4ª estrofa del canto (Jn 9, 1-41). Jesús viene a este mundo a quitarnos las cegueras en las que estamos los hombres: por no trabajar con todas las consecuencias por el bien común; por no fijarnos en los más débiles de nuestro mundo, los más pobres, los más vulnerables, los que más necesitan que les demos la mano; ante tantos desafíos y declaraciones que llenan de desesperanza; ante tanta palabra amenazadora y que no da esperanza… Jesús se encontró con un ciego y le regaló la vista, ¿cómo lo hizo? Partió de lo que era un hombre de barro, pero le hizo ver que la mezcla del barro con la fuerza y la gracia de Dios, expresada en la saliva que es signo de que hay vida, le devolvió la vista. No eliminemos a Dios de la vida, experimentemos que Él nos hace ver, que podemos decir sin lugar a dudas lo del ciego de nacimiento: «Solo sé que yo era ciego y ahora veo». Arriésgate, no pierdas la esperanza. No olvidemos lo que es importante, acojamos la luz que viene y da el Señor. Sepamos responder, porque lo experimentamos en nuestra existencia, a esta pregunta que le hacían al ciego: «“Y tú, ¿qué dices del que te ha abierto los ojos?”. Él contestó: “Que es un profeta”».

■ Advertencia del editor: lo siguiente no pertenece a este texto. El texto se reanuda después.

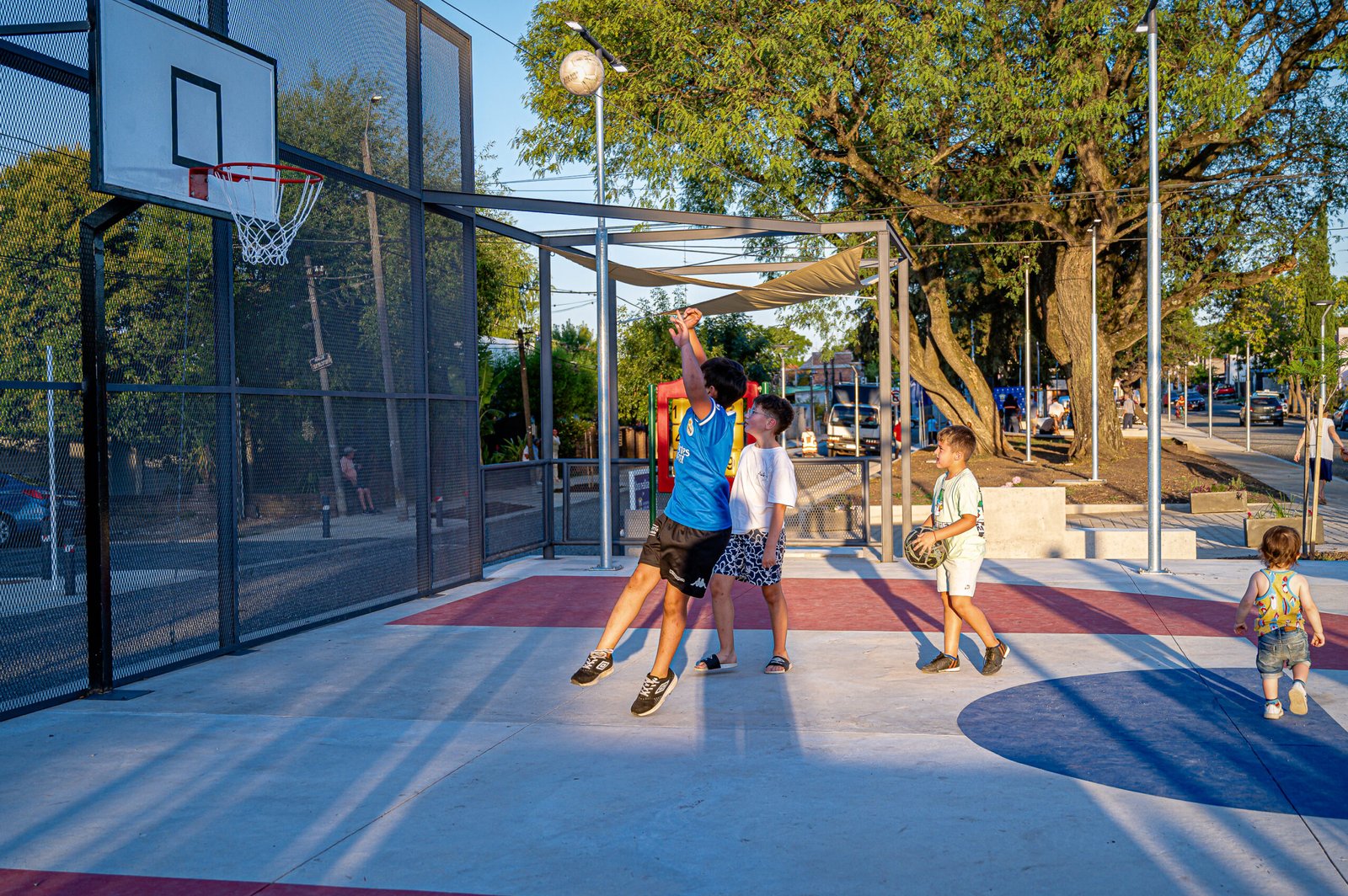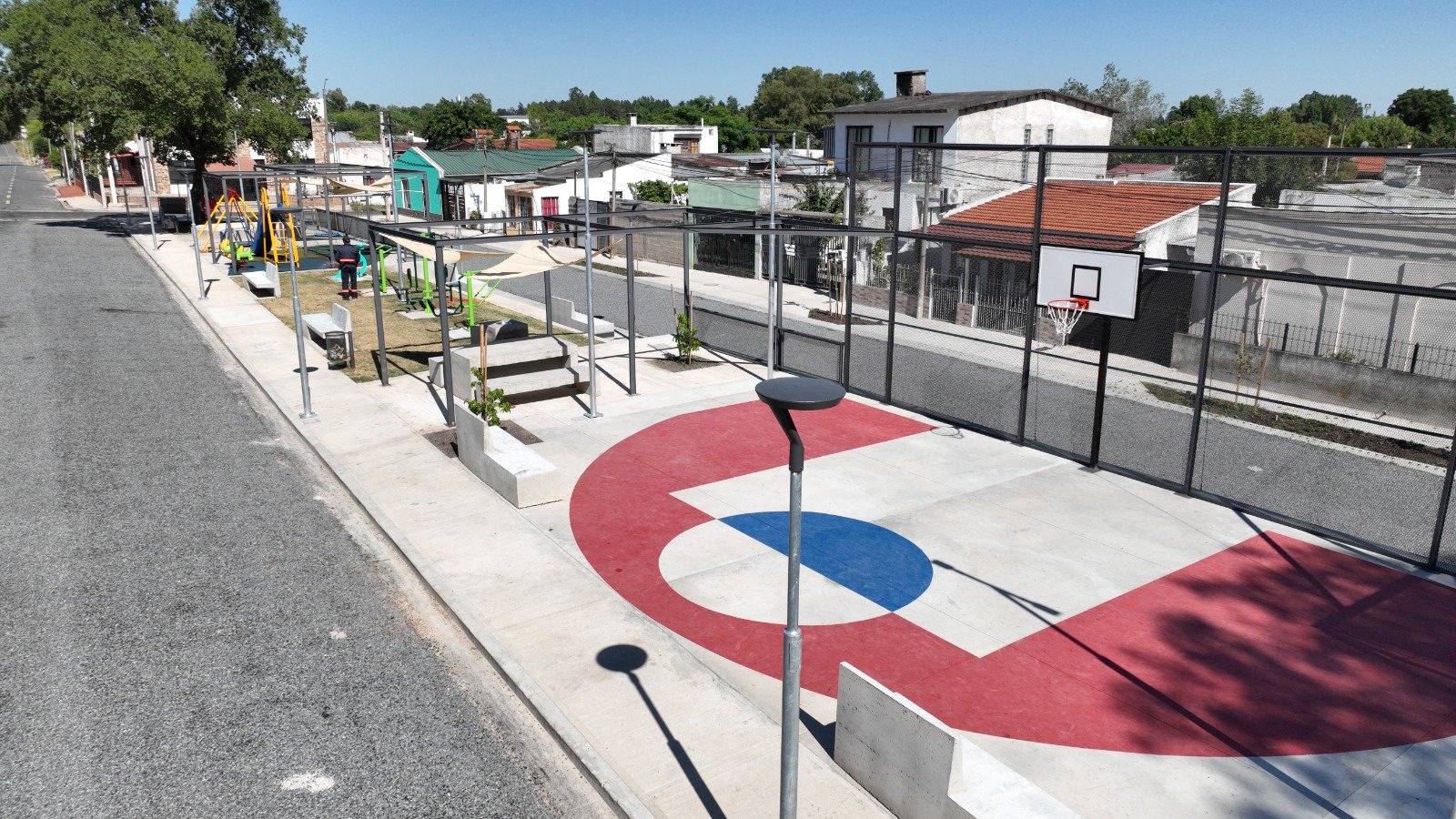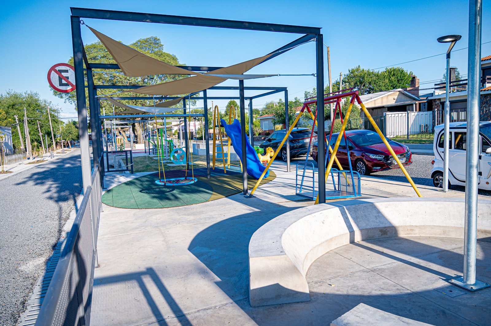 La intervención incluyó la habilitación de nuevo alumbrado público con canalización subterránea. Asimismo, se incorporó señalización vial, lo que mejora la seguridad y la integración de la plaza con el entorno urbano inmediato.

5ª estrofa del canto (Jn 11, 1-45). Con un tremendo contenido simbólico, el Señor se acerca a nuestra vida a través de esta página del Evangelio para decirnos y hablarnos de la novedad que ha traído, su amor infinito a los hombres, manifestado en su amigo Lázaro. Nos presenta lo que es en verdad Él: «Yo soy la Resurrección y la Vida, el que crea en mí, aunque haya muerto vivirá». Las imágenes que llegan a nuestra vida y a nuestro corazón están llenas de muerte y de las victorias que esta muerte tiene: falta de sentido de la vida, cerrazón en los propios límites, olvido de Dios que nos lleva al olvido del hombre, no acoger al hermano que llega y tiene necesidad, división, enfrentamiento, rupturas… ¿No quieres tener una respuesta a tanto contrasentido? Empéñate en ser contracultural, deja que Dios entre en tu vida y en la del mundo. No entres en la resignación como Marta y María: «Si hubieras estado aquí no hubiera muerto mi hermano». Tú asume, cree en las palabras de Jesús: «Yo soy la Resurrección y la Vida, el que cree en mí, aunque haya muerto vivirá». A Marta, Jesús le dijo: «¿Crees esto?». A ti y a mí también nos lo dice: ¿Tú crees en Él? ¿Tú te crees estas palabras? ¿Tú vives según Él, encuentras sentido a tu vida en su Vida y en la que Él te ofrece?

Acojamos, celebremos y vivamos a quien es la fuente de la misericordia: Jesucristo.